WHAT TO PRODUCE >>
This task calls for every entry below to be repeated exactly, without the pictures.

Stored items from a collection:
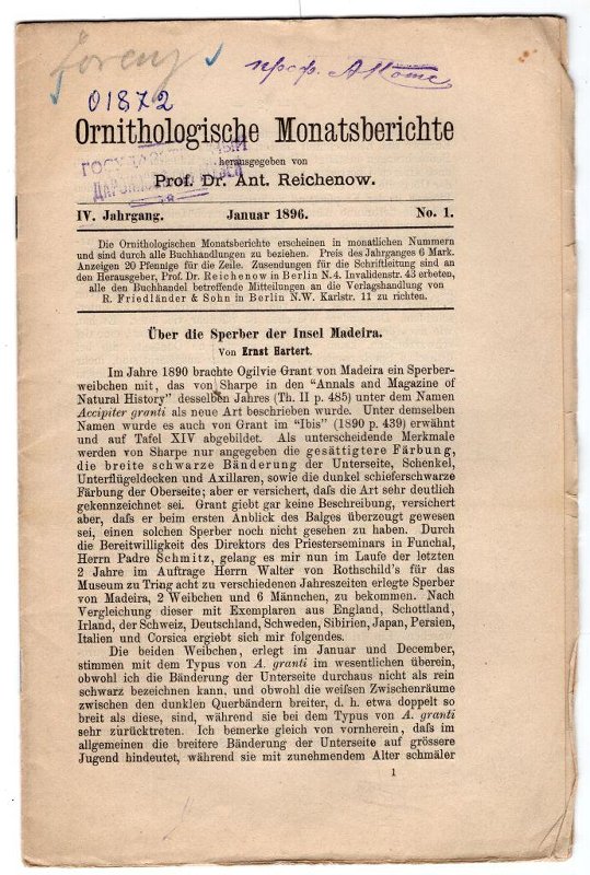 Первый номер журнала за 1896 г. Периодическое издание по орнитологии, известное в конце XIX и начале ХХ веков. Журнал был основан в 1893 г. немецким орнитологом Антоном Райхеновым (также Рейхенов, нем. Anton Reichenow, 1847—1941). С 1893 по 1921 годы Райхенов был главным редактором журнала по орнитологии «Journal für Ornithologie». В это время он публиковал также орнитологические месячные отчёты. Сначала журнал выходил ежемесячно, с 1922 г., несмотря на название — раз в два месяца. В 1944 г. выпуск был прекращен.
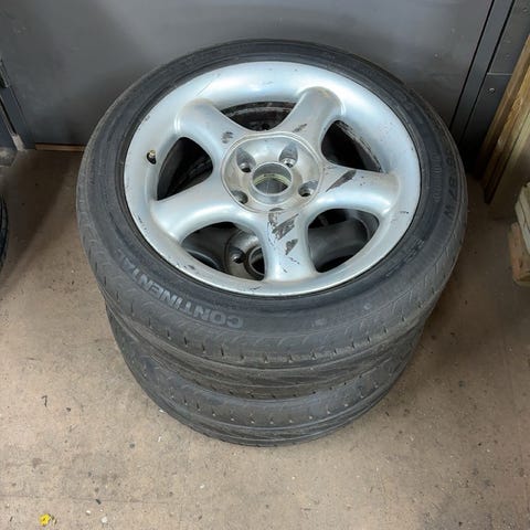 Felger 15x6,5 ET37 5x114,3. Stålfelg. Rusten og opplakkert i grønn, men ingen alvorlig rust
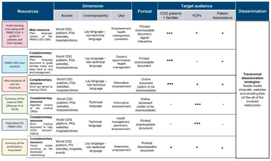Each resource was characterised in several dimensions (access, comprehension, and use), format (printed, digital) and target audience (CDG patients/families, HCP and POs).
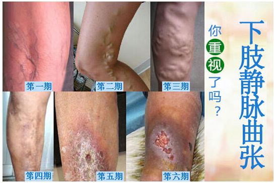 3、晚期症状:静脉曲张症状逐步加重,腿部曲张血管出现小部位破裂,导致皮肤颜色呈黑色改变,夜晚腿部出现明显痛感,甚至因忍痛,不能安心休息。如不采取有效手段治疗,任其发展可致老烂腿危险。
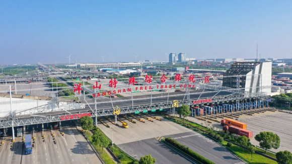 上海自貿區制度創新實現“四確立、四形成”,臨港新片區基本形成“五自由一便利”制度型開放體系,全面深化“放管服”改革。上圖為2021年1月20日實現全域封關驗收的全國唯一的特殊綜合保稅區——洋山特殊綜合保稅區;下圖為2019年7月31日,首批頒證企業代表在浦東新區“一業一證”改革發布會暨首批頒證儀式上合影
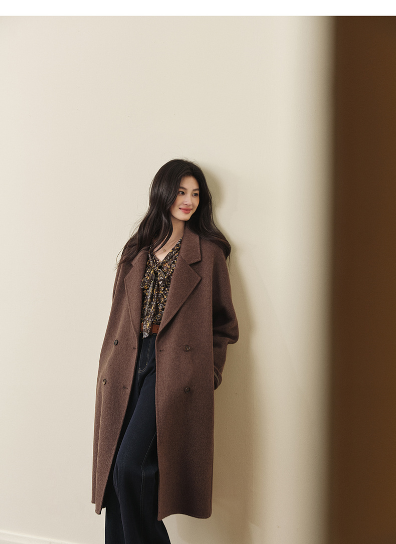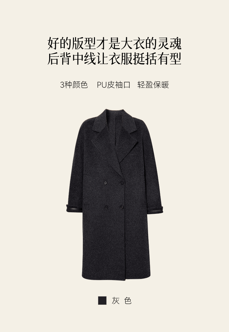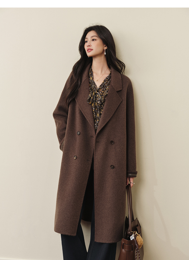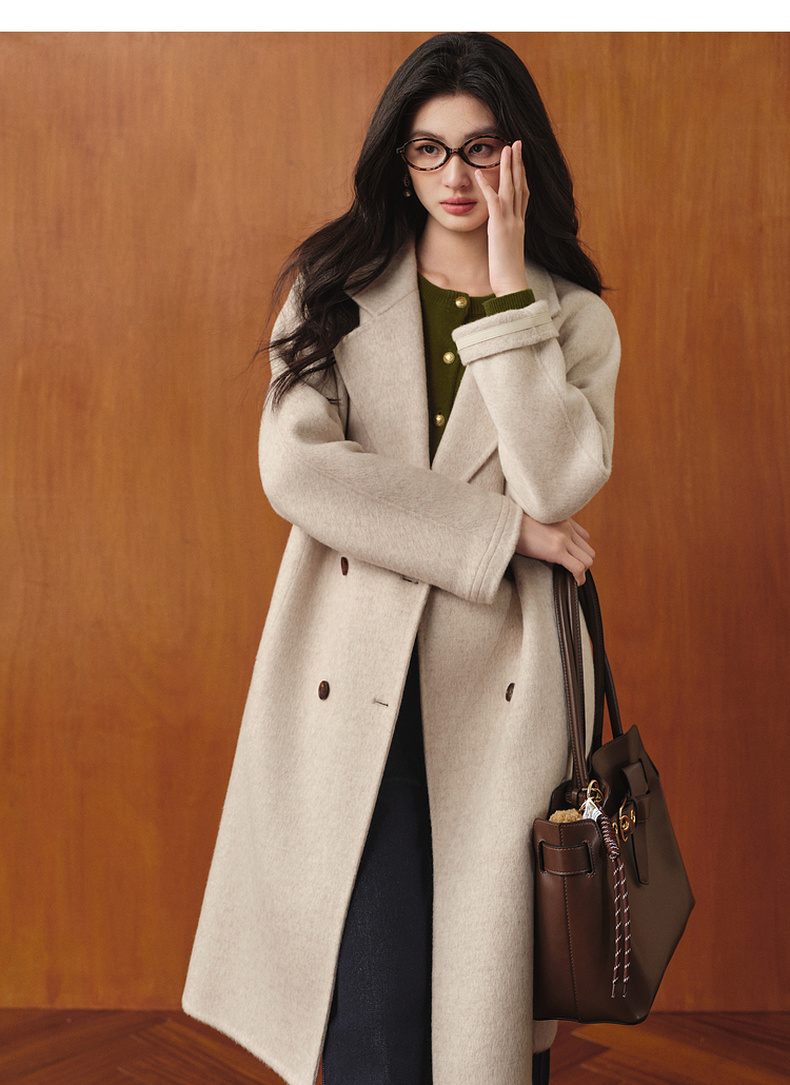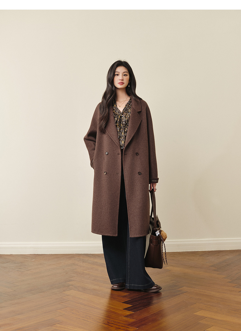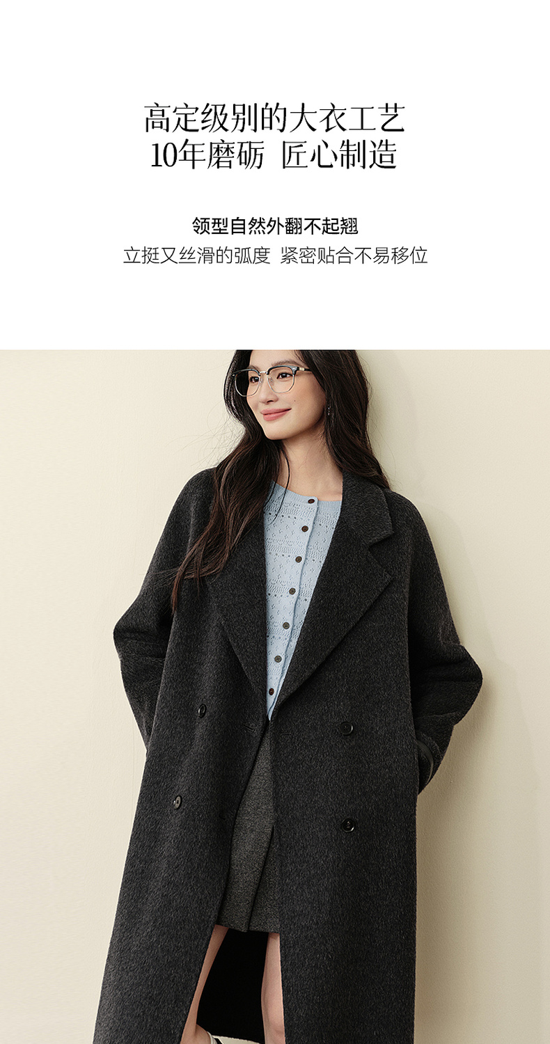 【严选】诗凡黎绵羊毛翻领长款大衣2025秋冬新款双排扣气质通勤双面呢外套7G8170731D

ANSWER SPACE >>
 Первый номер журнала за 1896 г. Периодическое издание по орнитологии, известное в конце XIX и начале ХХ веков. Журнал был основан в 1893 г. немецким орнитологом Антоном Райхеновым (также Рейхенов, нем. Anton Reichenow, 1847—1941). С 1893 по 1921 годы Райхенов был главным редактором журнала по орнитологии «Journal für Ornithologie». В это время он публиковал также орнитологические месячные отчёты. Сначала журнал выходил ежемесячно, с 1922 г., несмотря на название — раз в два месяца. В 1944 г. выпуск был прекращен.
 Felger 15x6,5 ET37 5x114,3. Stålfelg. Rusten og opplakkert i grønn, men ingen alvorlig rust
Each resource was characterised in several dimensions (access, comprehension, and use), format (printed, digital) and target audience (CDG patients/families, HCP and POs).
 3、晚期症状:静脉曲张症状逐步加重,腿部曲张血管出现小部位破裂,导致皮肤颜色呈黑色改变,夜晚腿部出现明显痛感,甚至因忍痛,不能安心休息。如不采取有效手段治疗,任其发展可致老烂腿危险。
 上海自貿區制度創新實現“四確立、四形成”,臨港新片區基本形成“五自由一便利”制度型開放體系,全面深化“放管服”改革。上圖為2021年1月20日實現全域封關驗收的全國唯一的特殊綜合保稅區——洋山特殊綜合保稅區;下圖為2019年7月31日,首批頒證企業代表在浦東新區“一業一證”改革發布會暨首批頒證儀式上合影
 【严选】诗凡黎绵羊毛翻领长款大衣2025秋冬新款双排扣气质通勤双面呢外套7G8170731D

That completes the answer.